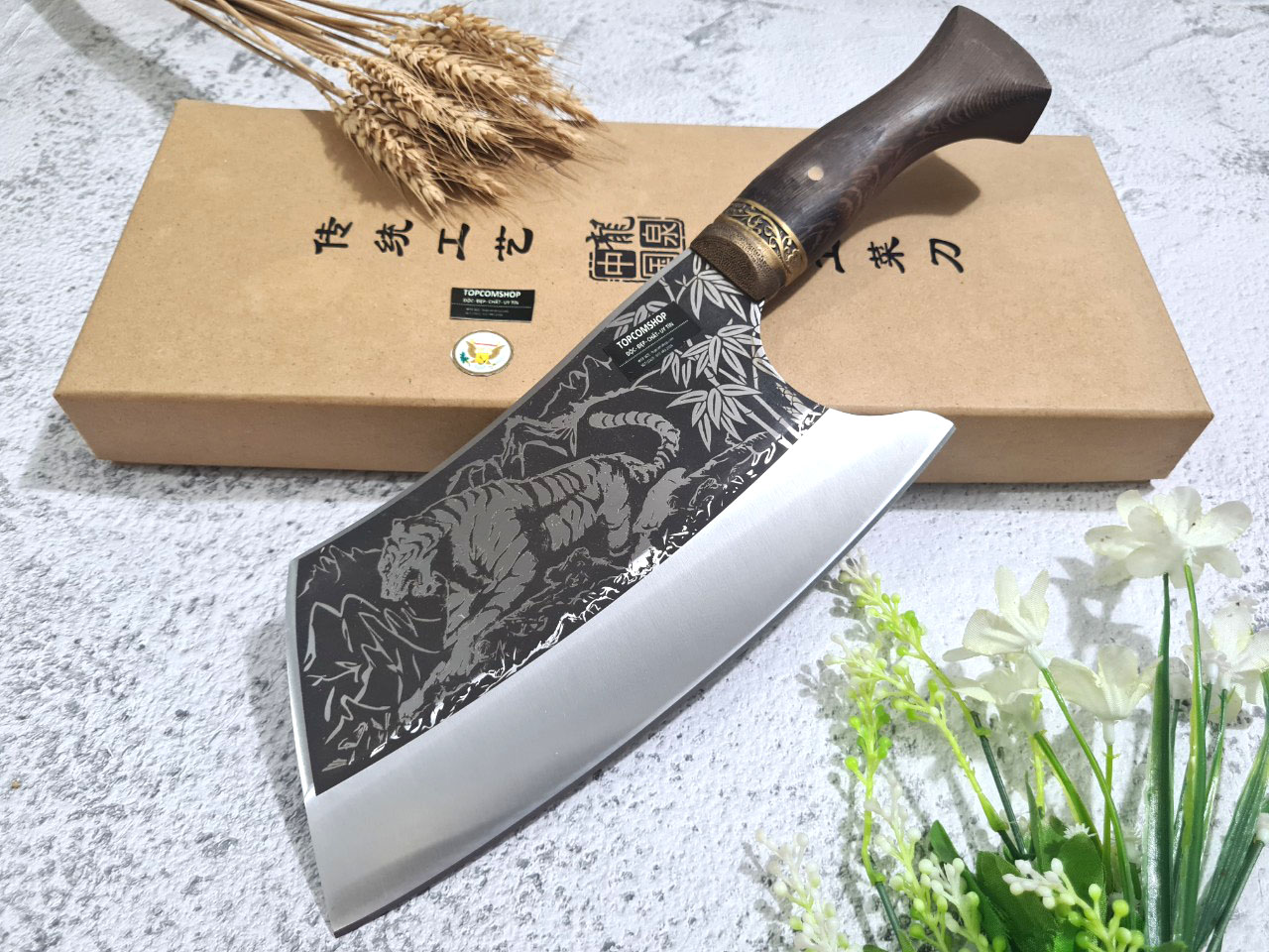 Tên sản phẩm: Dao Phúc Sen Dao Chặt Xương 03 Cán Cẩm - Chất liệu: 100% thép nhíp ô tô được lựa chọn và kiểm duyệt kỹ càng. - Chất liệu cán: gỗ cẩm chỉ
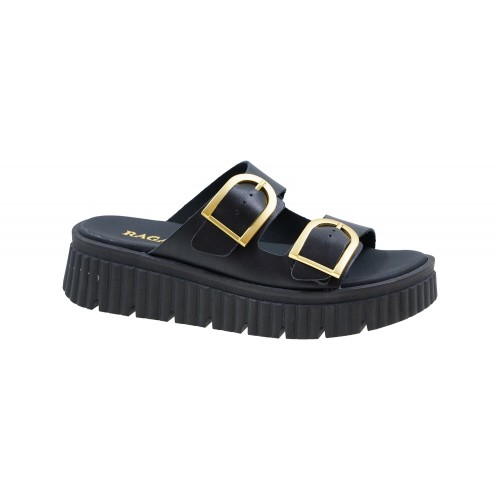 • Γυναικείο flatform Ragazza δερμάτινο μαύρο 01250
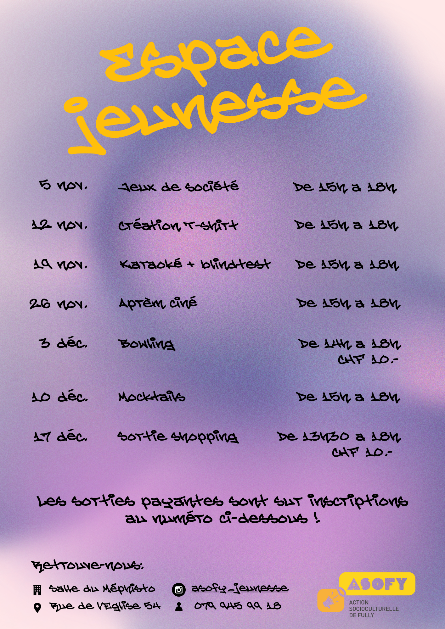 Dans la continuité du projet de la Plateforme Ados, l’Espace Jeunesse offre aux jeunes de Fully la possibilité de se retrouver dans la salle du Méphisto pendant l’hiver pour se rencontrer et profiter du matériel à disposition.
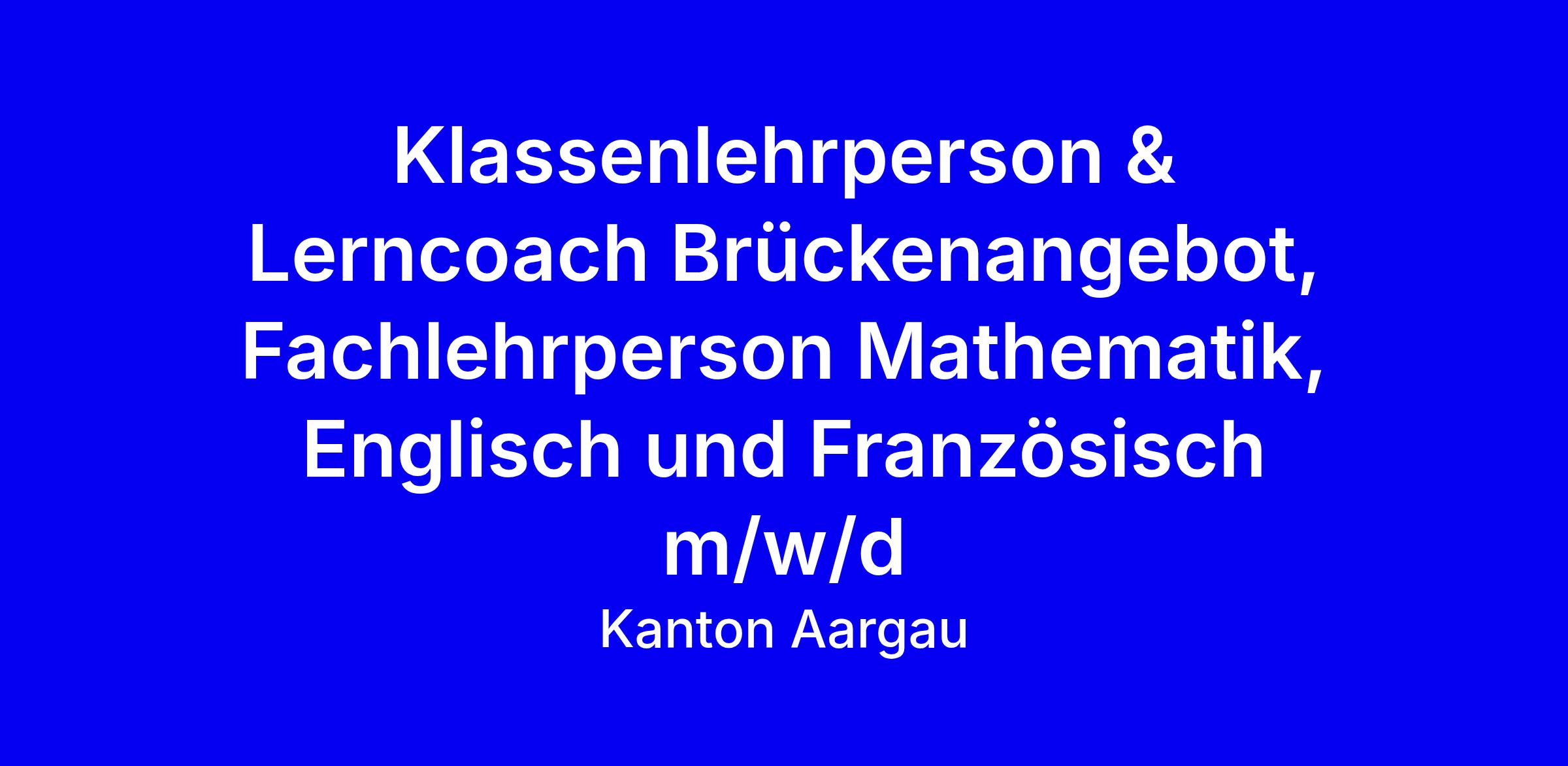 Klassenlehrperson & Lerncoach Brückenangebot, Fachlehrperson Mathematik, Englisch und Französisch m/w/d
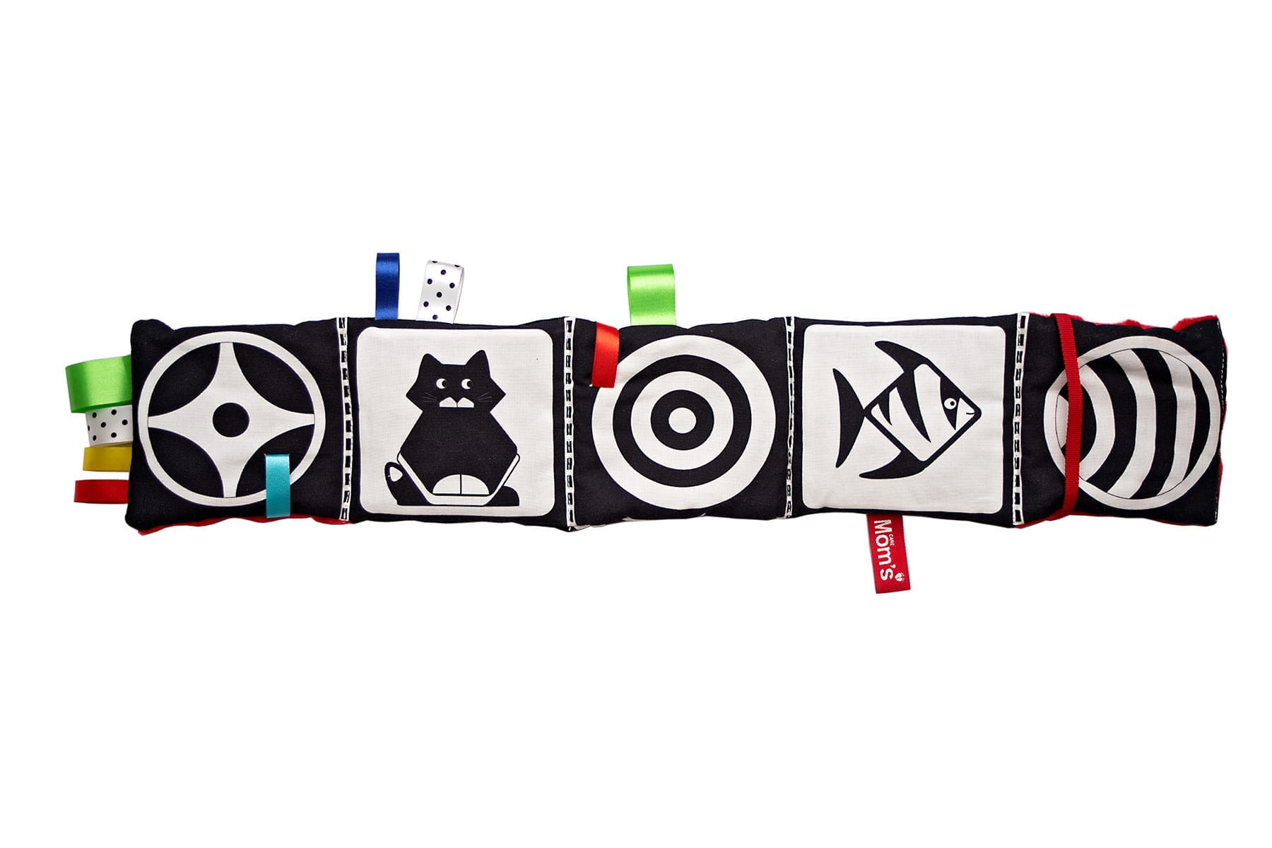 Materiałowa książeczka jest mięciutka i bardzo przyjazna dla dzieci już od urodzenia. Książeczka rozkładana jak harmonijka ma w sobie wiele niespodzianek i ciekawych aktywność dla najmniejszych dzieci. Biało-czarna książeczka z niebieskimi detalami ułatwia wodzenie spojrzeniem i wpatrywanie się w zabawki, co rozwija zmysł wzroku oraz spostrzegawczość maluszka.
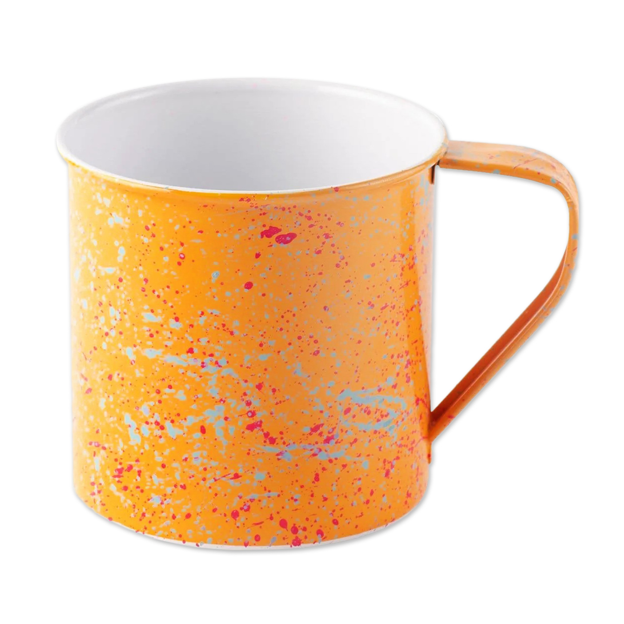 Colorful Handpainted Stainless Steel and Enamel Mug, 'Apricot Splatter'
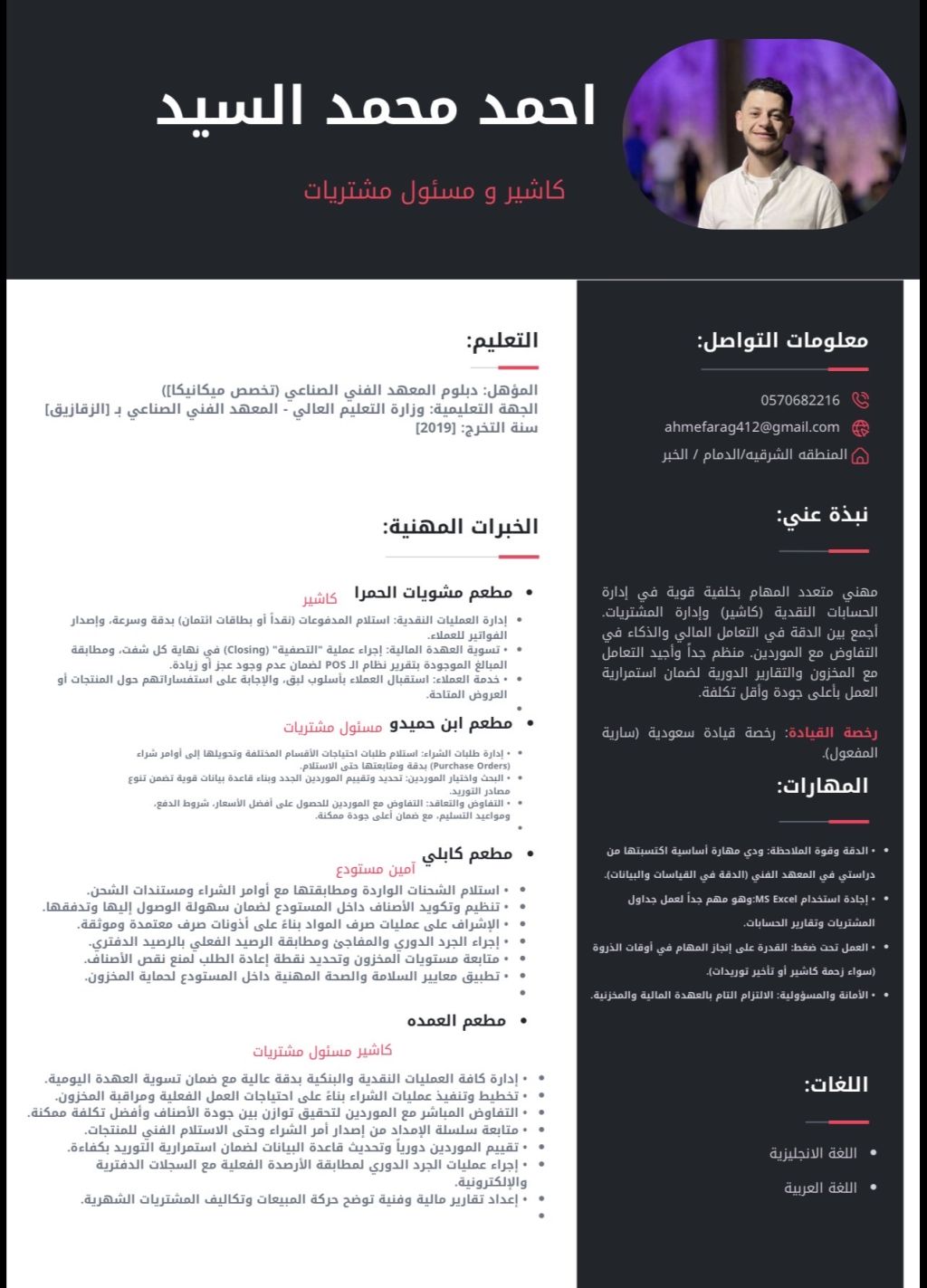 كاشير ومسؤول مشتريات مصري لدي رخصة قيادة موجود في الدمام ابحث عن عمل وليس لدي أي مانع في التنقل الى أي مكان في المملكة في حين توفر فرصة جيده
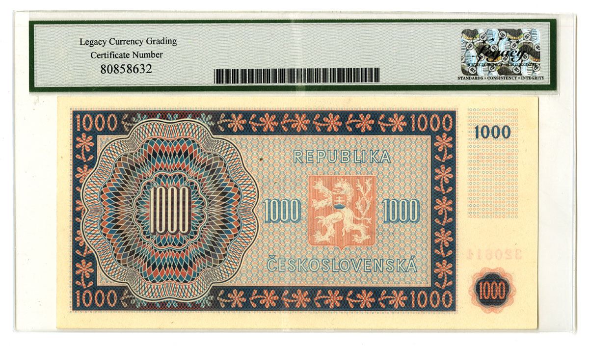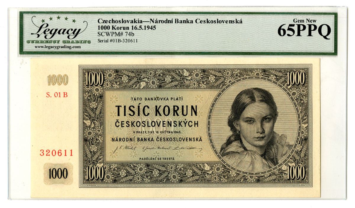 Czechoslovakia, 1945. 1000 Korun, P-74b, Issued Banknote, Dark grayish brown on gray underprint, Head of Jana Dvorakova by Josef Manes at right, Back is blue with red-orange and m/c printing with arms at center, S/N 01B-320611, Legacy graded Gem New 65PPQ, TB.
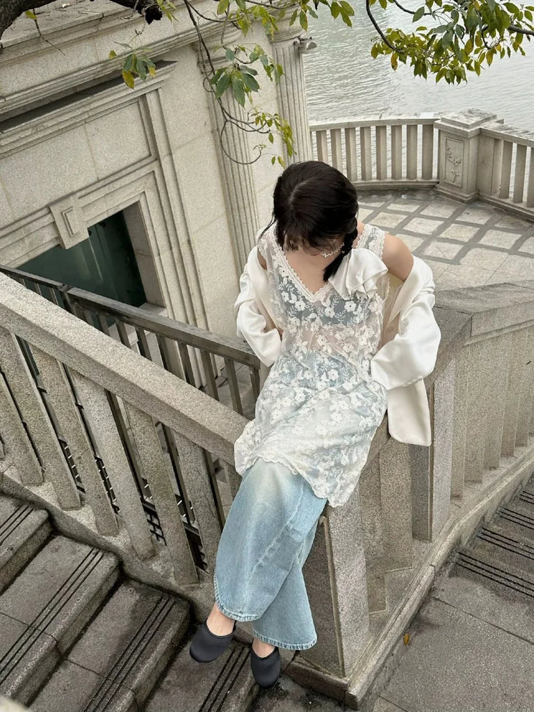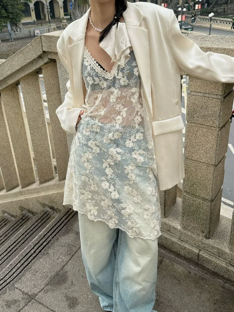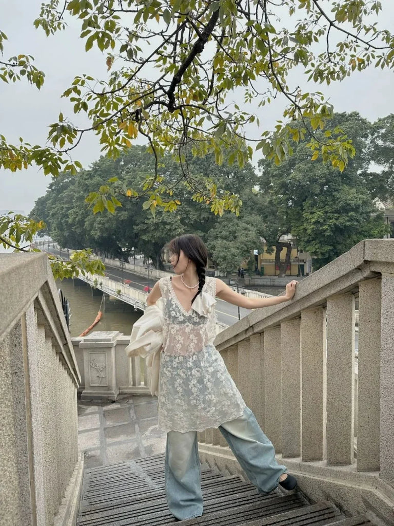 Spring Fashion Sexy Flower Long Bottom Tank Tops Fairy Flower Print Temperament High End Shirts Y2k Streetwear All Macth Clothes
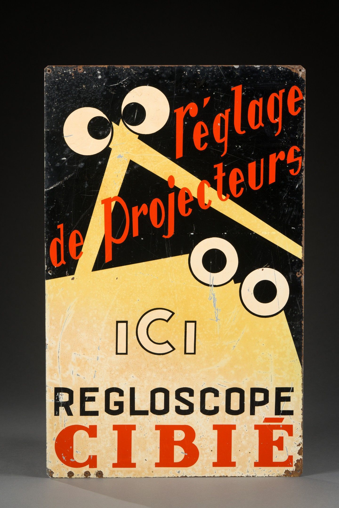 Rectangular plate in painted sheet metal " headlamp adjustment here REGLOSCOPE CIBIE ".

#####

The reply should hold only the lines from the first line of the records above through the line containing "Dans la continuité", copied exactly and without pictures.

- [RESULT OF THIS EXERCISE]
 Tên sản phẩm: Dao Phúc Sen Dao Chặt Xương 03 Cán Cẩm - Chất liệu: 100% thép nhíp ô tô được lựa chọn và kiểm duyệt kỹ càng. - Chất liệu cán: gỗ cẩm chỉ
 • Γυναικείο flatform Ragazza δερμάτινο μαύρο 01250
 Dans la continuité du projet de la Plateforme Ados, l’Espace Jeunesse offre aux jeunes de Fully la possibilité de se retrouver dans la salle du Méphisto pendant l’hiver pour se rencontrer et profiter du matériel à disposition.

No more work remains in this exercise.